L’économie démocratique : un thème présidentiel ?

Le 7 novembre 2011, un forum-débat organisé par le Conseil des entreprises, employeurs et groupements de l’économie sociale (Ceges) réunissait autour du thème « Pour une économie démocratique » des acteurs de l’économie sociale et solidaire (ESS) et des représentants des principaux candidats à l’élection présidentielle. Du côté de l’ESS [1], les enseignements tiré des expériences de terrain ont illustré le socle des douze propositions émises par le Ceges, lesquelles se répartissent entre « Donner le pouvoir aux personnes et non à l’argent » et « Partager collectivement la richesse produite ». L’ESS doit s’inscrire à contre-courant du discours dominant, qui insiste sur le coût financier de la solidarité collective, justifiant ainsi l’abandon du chantier de la dépendance par le gouvernement actuel. Facteur de richesses et créateur d’emplois, le secteur souffre pourtant d’un manque de visibilité et de reconnaissance, alors qu’il pourrait être une solution de sortie de crise. Son fonctionnement est toutefois grandement perfectible. Relevons, parmi d’autres, la remarque de Yannick Blanc (Fonda) sur la nécessité de mieux gérer la ressource humaine des bénévoles, « véritable richesse des organisations », ou l’appel (non relayé à la tribune) de Daniel Le Scornet au sujet de la précarité des jeunes, insuffisamment prise en compte par l’ESS. Celle-ci doit s’appuyer sur les connaissances des citoyens et les amener à être des « co-constructeurs des politiques publiques » (André Flageul, Unass).

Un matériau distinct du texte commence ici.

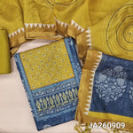 Mughal printed dark Blueish Grey jakard silk cotton unstitched salwar material (lining needed) embroidery, reddish maroon patch work on yoke, reddish maroon silk cotton bottom, kantha stitch silk cotton dupatta printed pallu with tassels. JA260911
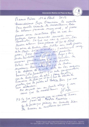 siento un profundo respeto y la necesidad de acompañarla con mi cercanía y oración. Sólo ella sabe lo que es ese sufrimiento", le escribió el sumo pontífice a Bonafini, en la misiva fechada en el Vaticano el 5 de mayo.

Pour cela, il faut multiplier les partenariats, non seulement entre les organisations de l’ESS, mais aussi entre l’ESS et l’économie publique… En somme, marginaliser l’économie capitaliste ?

Sans surprise, les représentants des partis politiques [2] ont exprimé leur souhait d’augmenter la voilure de l’ESS. La réforme de la fiscalité en faveur du mieux-être sociétal, le positionnement des mutuelles au coeur de la définition des politiques de santé et la prise en charge de la santé et de l’éducation par l’ESS ont ainsi été évoqués, de même que la nécessité d’une loi-cadre pour le secteur. En substance, rien d’inédit par rapport au socle des propositions du Ceges, ce qui ne saurait surprendre : c’est l’ESS, produit de la capacité auto-organisatrice des populations, qui a vocation à être source d’inspiration pour les responsables politiques, et non le contraire. Si le constat est unanime sur la réduction de la marge de manoeuvre des politiques du fait de la crise, il n’a rien d’inéluctable. L’ESS n’attend rien moins du futur président de la République qu’une réorientation de l’économie au service des personnes et non du capital.

Patricia Toucas-Truyen

XXXI e rencontre nationale du groupe Crédit coopératif

« S’engager et coopérer : quel rôle donner à la confiance dans un projet commun ? ». La xxxi e rencontre nationale du Crédit coopératif s’organisait cette année autour de cette question résolument stimulante face à l’étendue de la crise économique, qui a suffisamment démontré – pour ceux qui en doutaient encore – que « l’autodiscipline des marchés ne fonctionne pas » (Jean-Louis Bancel). Tandis qu’institutions, politiques et experts peinent à proposer des solutions fiables aux populations désemparées, la défiance gangrène bien des projets individuels ou collectifs. L’économiste Yann Algan a souligné le lien entre le sentiment général de défiance et le retard économique, qui se traduit par un blocage des investissements et des innovations. Il suggère de décentraliser les processus de décision économique, qui sont, particulièrement en France, très hiérarchisés. Selon la philosophe Michela Marzano, le rétablissement de la confiance au centre des relations sociales passe par l’intégration d’une possibilité de défaut de la relation, d’un non-retour du don, ce qui implique une révision de la théorie de Marcel Mauss.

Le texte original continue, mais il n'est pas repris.